I understand I'll be housed about 20 minutes from my employer. That being said I'll need a vehicle.

I'll have some relocation allowance; but, not much to go towards a vehicle. I imagine fuel is cheaper in abu dhabi than I"m paying (I'm in Florida). But, how much should I expect to pay for a used vehicle. Something in the 2006-2008 range. I drive a Toyota Yaris here and love it; but, I'm not married to any particular vehicle -- but, I want something economical.


----------



## newguyintown (Mar 15, 2012)

Dsbsnag said:


> I understand I'll be housed about 20 minutes from my employer.
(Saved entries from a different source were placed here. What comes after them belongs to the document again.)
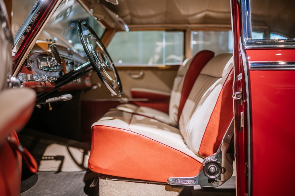 Most examples were finished in muted tones, making the museum’s red display car a rare and eye-catching variation.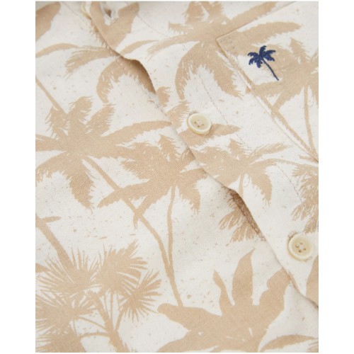 It features an all-over palm tree print in a sand tone, giving it a summery and relaxed look.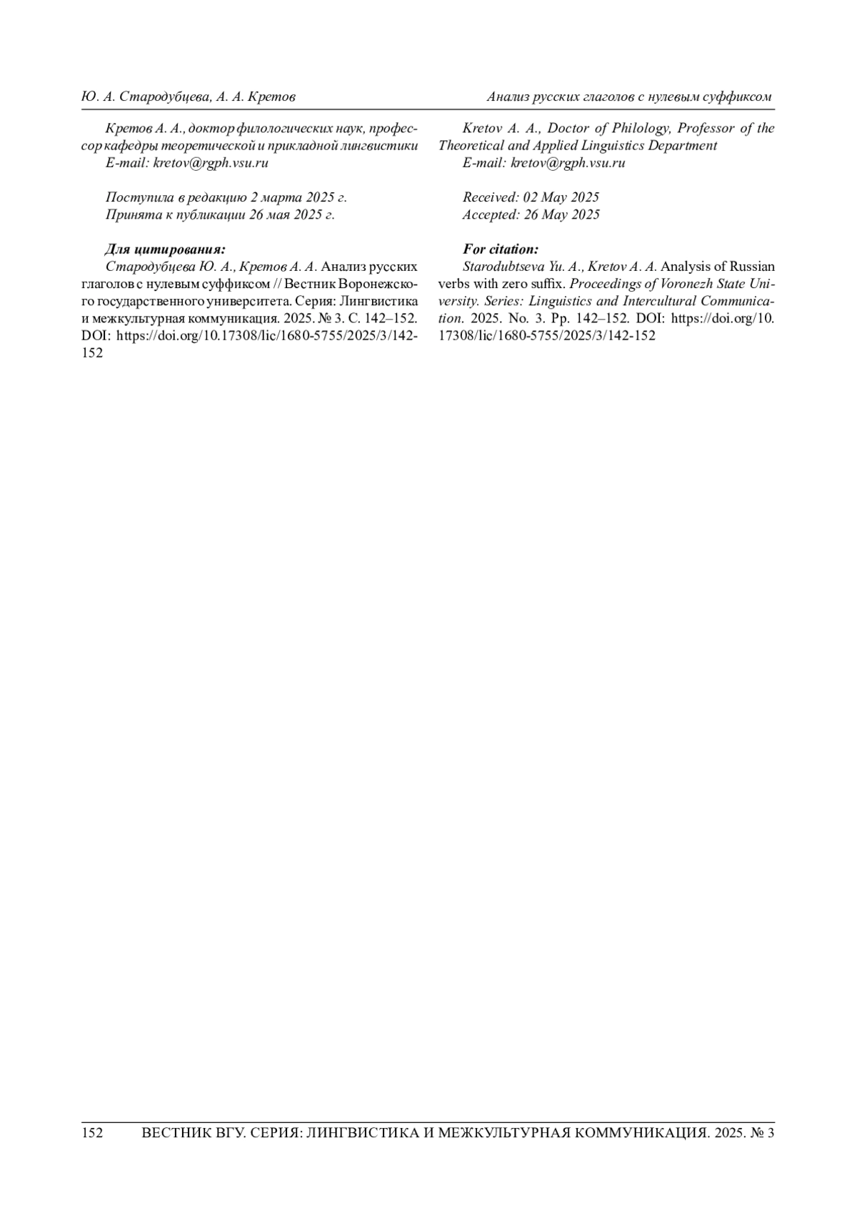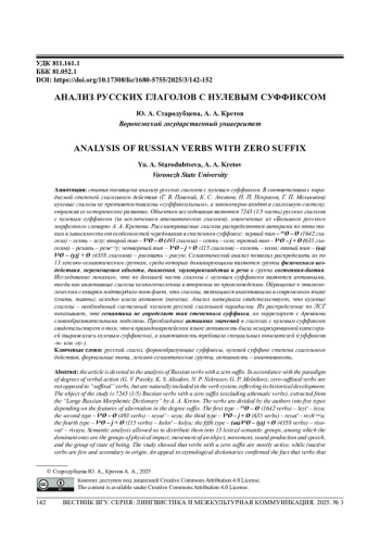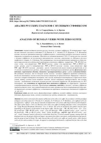 КРЕТОВ А. А., СТАРОДУБЦЕВА Ю. А. АНАЛИЗ РУССКИХ ГЛАГОЛОВ С НУЛЕВЫМ СУФФИКСОМ // ВЕСТНИК ВОРОНЕЖСКОГО ГОСУДАРСТВЕННОГО УНИВЕРСИТЕТА. СЕРИЯ: ЛИНГВИСТИКА И МЕЖКУЛЬТУРНАЯ КОММУНИКАЦИЯ. 2025. № 3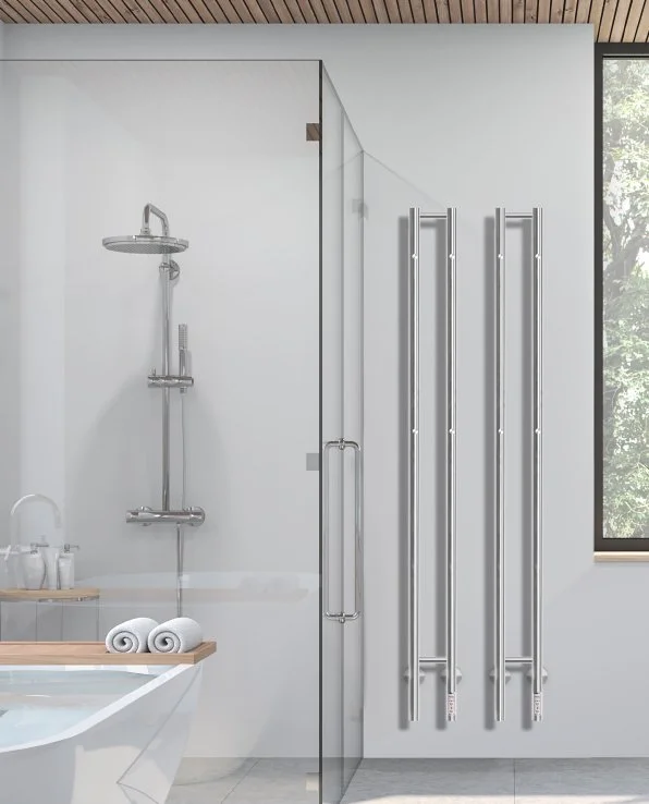 Med et slankt, minimalistisk design og op til fire kroge til våde håndklæder, er denne håndklædetørreren både praktisk og æstetisk. Den kan installeres med skjult kabel direkte i væggen eller med synligt kabel og stikprop til en stikkontakt. Modellen tilbyder forskellige varmestyrker og tidsindstillinger via et betjeningspanel på fronten.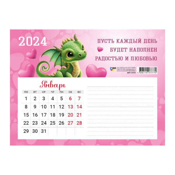 Календарь с блоком для записей 2024 символ года дракон
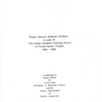 'Forest Grove's Adopted Children: A look at the Indian Training School at Forest Grove, Oregon': Pacific University student thesis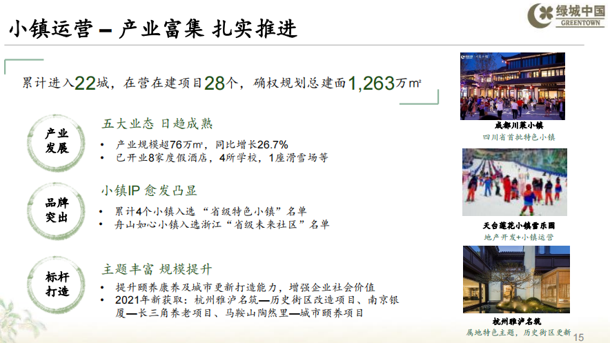 小鎮(zhèn)業(yè)務(wù)方面,小鎮(zhèn)規(guī)模穩(wěn)步提升,截至2021年底,小鎮(zhèn)業(yè)務(wù)累計(jì)進(jìn)入22城,在營(yíng)在建項(xiàng)目28個(gè),確權(quán)規(guī)劃總建筑面積約1,263萬(wàn)平方米。小鎮(zhèn)業(yè)務(wù)通過(guò)可售物業(yè)和產(chǎn)業(yè)經(jīng)營(yíng)「雙輪驅(qū)動(dòng)」。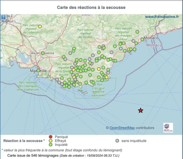 Séisme à 90 km au SSE de Cannes (Dép. 06), le 14 septembre 2024 à 20h47 heure locale, magnitude 4.4. https://vk.com/video647796984_456245768
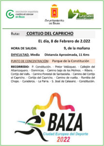 La AECC inicia este martes la edición de 2022 de su programa “En marcha” con una ruta al Cortijo del Capricho. La sede la Asociación Española Contra el Cáncer (AECC) inicia este martes la edición de 2022 de su programa “En marcha”, con el que se apuesta por la adquisición de hábitos saludables a través de la práctica de actividad física moderada como una de las mejores formas de fomentar una vida activa y saludable, así como de prevenir determinadas enfermedades como el cáncer. Este programa consiste en una serie de Rutas Saludables que cuentan con el apoyo del Ayuntamiento de Baza y del Grupo de Senderismo 7 Leguas. Las salidas se realizan los martes desde el Parque de la Constitución y la de este martes se dedicará a ir al Cortijo del Capricho.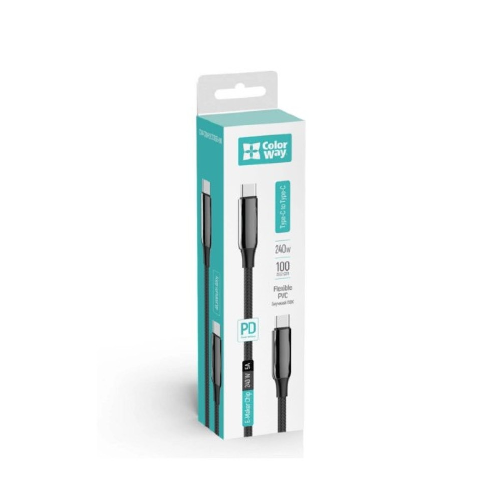 Дата, кабель, USBC, to, USBC, 20m, PVCAluminum, Alloy, PD, Fast, Charging, 240W, , black, ColorWay, CWCBPDCC070BK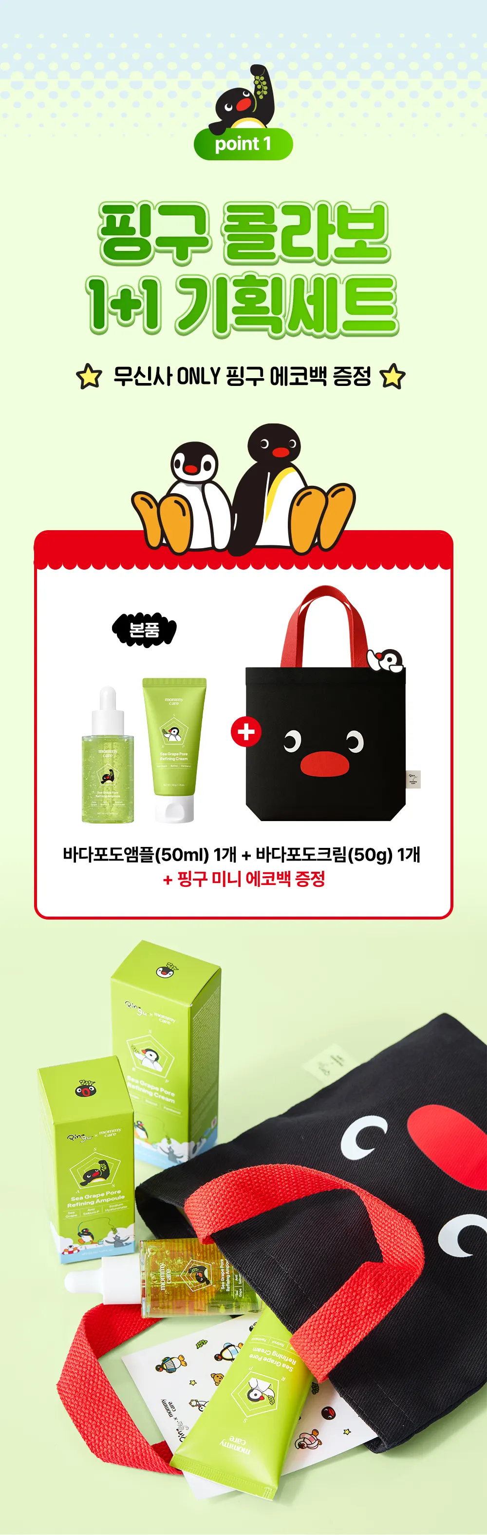 韓國國民保養品牌 MOMMY CARE 與經典動畫 《Pingu 企鵝家族》 的超強聯名再度出擊!這款限量套組專為海葡萄面霜的忠實粉絲設計,直接提供 2 入正裝面霜,讓妳在早晚保養中大方厚塗,徹底解決毛孔粗大與肌膚乾燥。更令人驚喜的是,隨組附贈 Pingu 限定帆布環保袋,讓可愛的 Pingu 陪伴妳每一天的護膚與生活時光。

That being said I'll need a vehicle.
> 
> I'll have some relocation allowance; but, not much to go towards a vehicle. I imagine fuel is cheaper in abu dhabi than I"m paying (I'm in Florida). But, how much should I expect to pay for a used vehicle. Something in the 2006-2008 range. I drive a Toyota Yaris here and love it; but, I'm not married to any particular vehicle -- but, I want something economical.


Umm..My guess would be something around 50K dirhams. Why don't you have a look at the various postings on dubizzle - abudhabi.dubizzle.com. That should give you a fair idea. But it would be better to buy the used car from agencies instead of individuals.


----------



## Dsbsnag (Sep 28, 2012)

newguyintown said:


> Umm..My guess would be something around 50K dirhams. Why don't you have a look at the various postings on dubizzle - abudhabi.dubizzle.com. That should give you a fair idea. But it would be better to buy the used car from agencies instead of individuals.


here's a really stupid question...

dirhams and AED are the same right?


----------



## streetspirit (May 12, 2011)

Dsbsnag said:


> here's a really stupid question...
> 
> dirhams and AED are the same right?


Yeah they are. AED is just Arab Emirate Dirham.


----------